Kedua, saat memilih kita mendapat berkat untuk menyampaikan cinta kita, karena apa yang telah kita pilih pasti kita sayangi. Ia tidak dapat direset ulang. Misalnya kita memilih mobil baru warna merah, setelah dibeli kita harus menyayanginya, membersihkannya dan merawatnya. Saya dan istri sering berdebat karena ada satu hal yang kita tidak bisa memilih tetapi bisa menggantinya, yakni nama kita. Itu dipilih oleh orang tua, tetapi kalau agama kita yang memilih, kita boleh tidak suka dengan nama kita misalnya MARIA, kita mau ganti menjadi JENIFFER boleh saja, tetapi bagaimana kita telah memilih Katolik (untuk baptisan dewasa). Bagaimana setelah memilih tentu kita juga memiliki kewajiban untuk menyayanginya, mengikuti tata cara dan aturannya. Demikian konsekuensi setelah memilih. Bisa juga agama ikut suami atau agama ikut istri, tetapi sekali kita memilih kita juga harus menyayanginya.

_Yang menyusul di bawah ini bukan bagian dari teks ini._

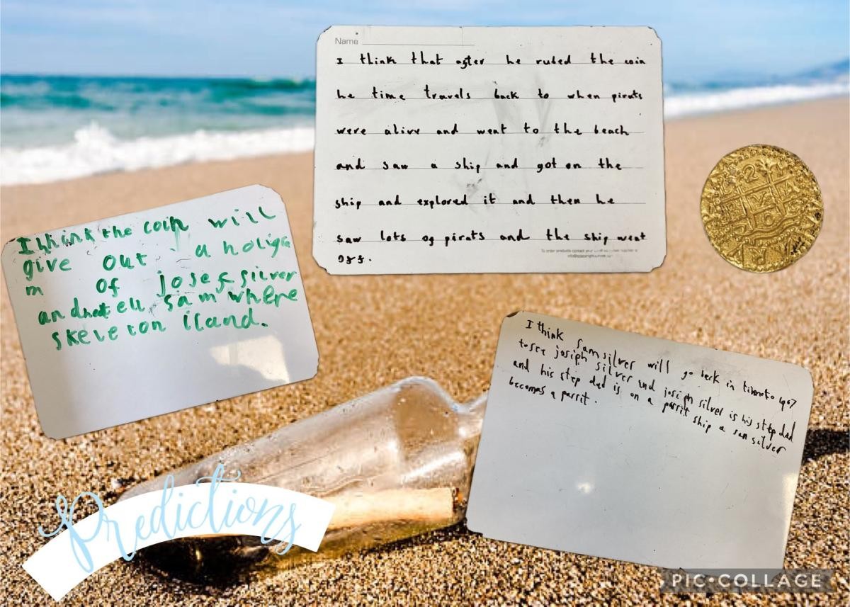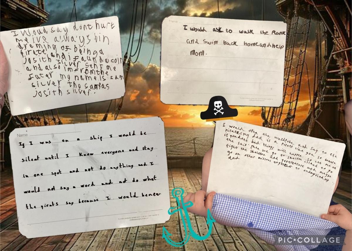 This week, we weighed anchor and read the first chapter, right up to the part where young Sam be discoverin’ a mysterious message in a bottle from the legendary Joseph Silver himself! Alongside the note – a gleamin’ golden doubloon! Our young shipmates made their predictions—what be happenin’ if Sam dared rub the shiny coin? With much excitement, we read on and shivered our timbers when we found out Sam had been whisked back in time onto a real pirate ship! We then shared what we’d do if we were thrown back through time and came face to face with a band o’ fearsome pirates! Let’s just say—we’ve got some brave buccaneers aboard this Year 2 crew!

Ketiga, memilih mendatangkan hasil baik. Apapun yang kita pilih pasti menghasilkan kebaikan buat kita, kecuali memang kita sengaja memilih untuk mendatangkan ketidakbaikan. Kita mendengar bahwa seorang jahat pun tidak akan memberikan ular kalau anaknya minta roti, karena dia sudah memilih pasti menghasilkan hal-hal yang baik, kecuali salah memilih kata sahabat saya. Itu adalah bagian dari kebebasan. Berdiskusi dengan seorang sahabat suster saat memilih menjadi biarawati begitu besar konsekwensi harus diambil termasuk harus meninggalkan pacar. Apalagi harus pasrah menerima tugas, tetapi saat menyadari bahwa pilihannya menghasilkan buah kebaikan di sana sumber suka cita besar sekali. Demikian seorang sahabat saya beliau beragama Budha dan memilih meninggalkan anak istri lalu menjadi pendeta Budha. Semua sahabat menentangnya karena pengorbanan yang begitu besar. Anak, istri dan keluarga harus kehilangan cinta akibat risiko dia memilih menjadi pendeta, tetapi sekian puluh tahun kemudian begitu besar karya beliau dalam penyelematan manusia dan berbuah kebaikan. Akhirnya memang harus diakui banyak cara Tuhan menyajikan Cinta.
Mungkin kita semua sudah melihat Paus Fransiskus memeluk seorang Kusta atau penyakit Lepra. Ada resiko kemungkinan besar dia ketularan, karena kondisi fisik orang tua sangat lemah dan rentan terhadap penyakit, tetapi CINTA yang begitu besar menembus rentan hubungan manusia, sungguh luar biasa.
Demikian kita semua diberi anugerah dan berkat memilih. Pilihlah segala sesuatu yang menghasilkan kebaikan terutama menyajikan CINTA dan pengharapan bagi kehidupan manusia. Memang egoisme akan berperan dalam kehidupan kita saat memilih, tetapi saya percaya sepenuhnya bahwa Cinta bisa mengatasi segala hal yang membelakangi kebaikan dan bisa membalikkannya menjadi kebaikan, kebahagiaan dan indah pada waktunya. Semoga Tuhan memberkati.